[Source data]
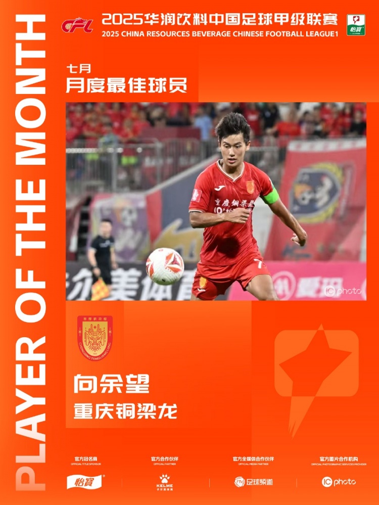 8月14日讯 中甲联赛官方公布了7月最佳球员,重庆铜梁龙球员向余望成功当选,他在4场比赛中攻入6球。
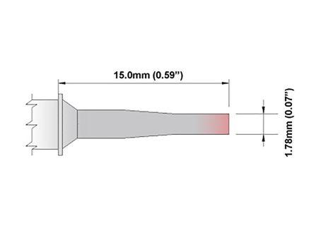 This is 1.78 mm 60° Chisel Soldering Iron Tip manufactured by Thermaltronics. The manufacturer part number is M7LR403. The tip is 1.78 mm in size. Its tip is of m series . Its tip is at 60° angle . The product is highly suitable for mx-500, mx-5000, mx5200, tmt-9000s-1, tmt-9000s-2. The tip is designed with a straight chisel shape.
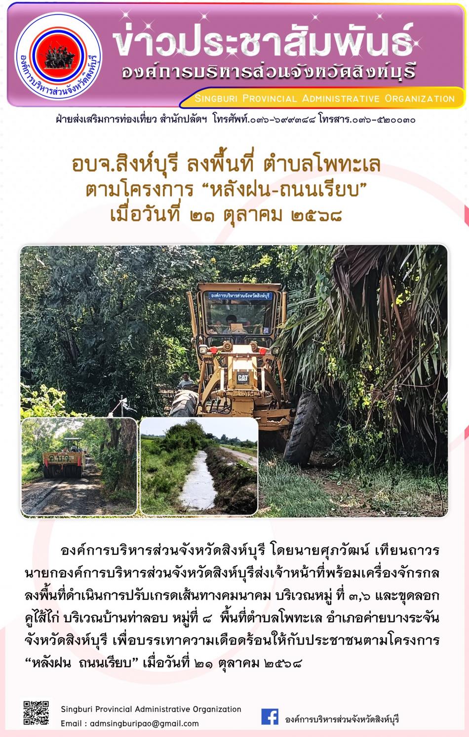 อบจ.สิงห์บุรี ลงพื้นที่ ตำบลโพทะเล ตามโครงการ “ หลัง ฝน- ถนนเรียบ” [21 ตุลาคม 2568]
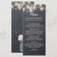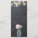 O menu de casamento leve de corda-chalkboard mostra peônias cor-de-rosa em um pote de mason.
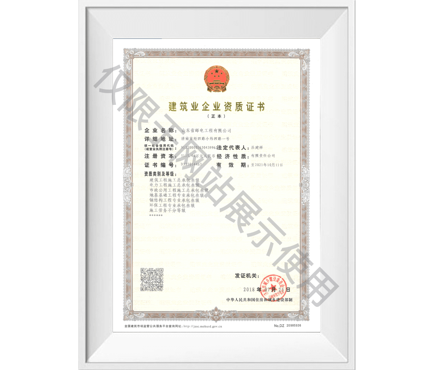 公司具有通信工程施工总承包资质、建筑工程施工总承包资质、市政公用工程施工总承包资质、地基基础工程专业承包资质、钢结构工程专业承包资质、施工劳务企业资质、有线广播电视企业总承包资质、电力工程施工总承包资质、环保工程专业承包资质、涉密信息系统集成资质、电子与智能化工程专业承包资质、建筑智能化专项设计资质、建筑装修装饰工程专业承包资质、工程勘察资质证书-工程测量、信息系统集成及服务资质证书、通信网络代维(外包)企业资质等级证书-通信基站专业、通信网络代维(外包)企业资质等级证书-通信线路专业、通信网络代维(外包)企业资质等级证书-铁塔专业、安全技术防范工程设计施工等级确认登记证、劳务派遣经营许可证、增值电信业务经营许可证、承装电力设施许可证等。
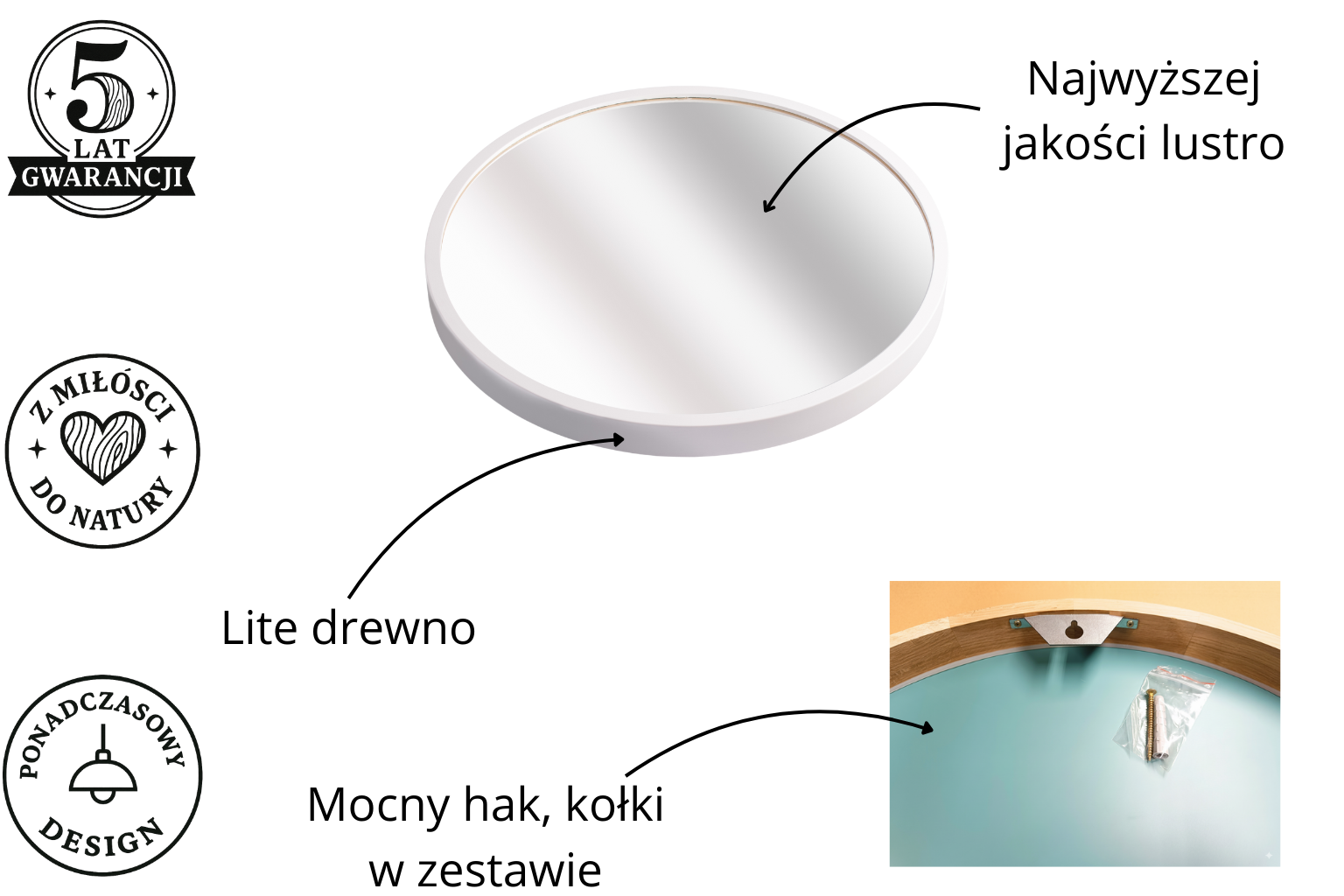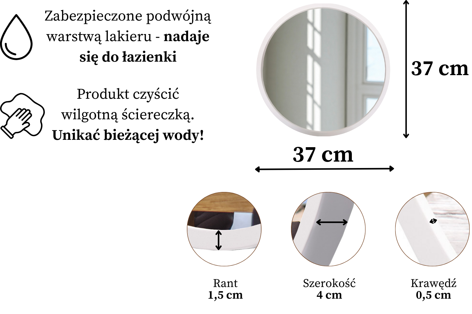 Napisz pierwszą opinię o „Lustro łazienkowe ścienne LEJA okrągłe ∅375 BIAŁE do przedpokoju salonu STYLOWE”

» Work item: Exact copy, no pictures: set down all the entries again as they stand.

» Task output:
 8月14日讯 中甲联赛官方公布了7月最佳球员,重庆铜梁龙球员向余望成功当选,他在4场比赛中攻入6球。
 This is 1.78 mm 60° Chisel Soldering Iron Tip manufactured by Thermaltronics. The manufacturer part number is M7LR403. The tip is 1.78 mm in size. Its tip is of m series . Its tip is at 60° angle . The product is highly suitable for mx-500, mx-5000, mx5200, tmt-9000s-1, tmt-9000s-2. The tip is designed with a straight chisel shape.
 อบจ.สิงห์บุรี ลงพื้นที่ ตำบลโพทะเล ตามโครงการ “ หลัง ฝน- ถนนเรียบ” [21 ตุลาคม 2568]
 O menu de casamento leve de corda-chalkboard mostra peônias cor-de-rosa em um pote de mason.
 公司具有通信工程施工总承包资质、建筑工程施工总承包资质、市政公用工程施工总承包资质、地基基础工程专业承包资质、钢结构工程专业承包资质、施工劳务企业资质、有线广播电视企业总承包资质、电力工程施工总承包资质、环保工程专业承包资质、涉密信息系统集成资质、电子与智能化工程专业承包资质、建筑智能化专项设计资质、建筑装修装饰工程专业承包资质、工程勘察资质证书-工程测量、信息系统集成及服务资质证书、通信网络代维(外包)企业资质等级证书-通信基站专业、通信网络代维(外包)企业资质等级证书-通信线路专业、通信网络代维(外包)企业资质等级证书-铁塔专业、安全技术防范工程设计施工等级确认登记证、劳务派遣经营许可证、增值电信业务经营许可证、承装电力设施许可证等。
 Napisz pierwszą opinię o „Lustro łazienkowe ścienne LEJA okrągłe ∅375 BIAŁE do przedpokoju salonu STYLOWE”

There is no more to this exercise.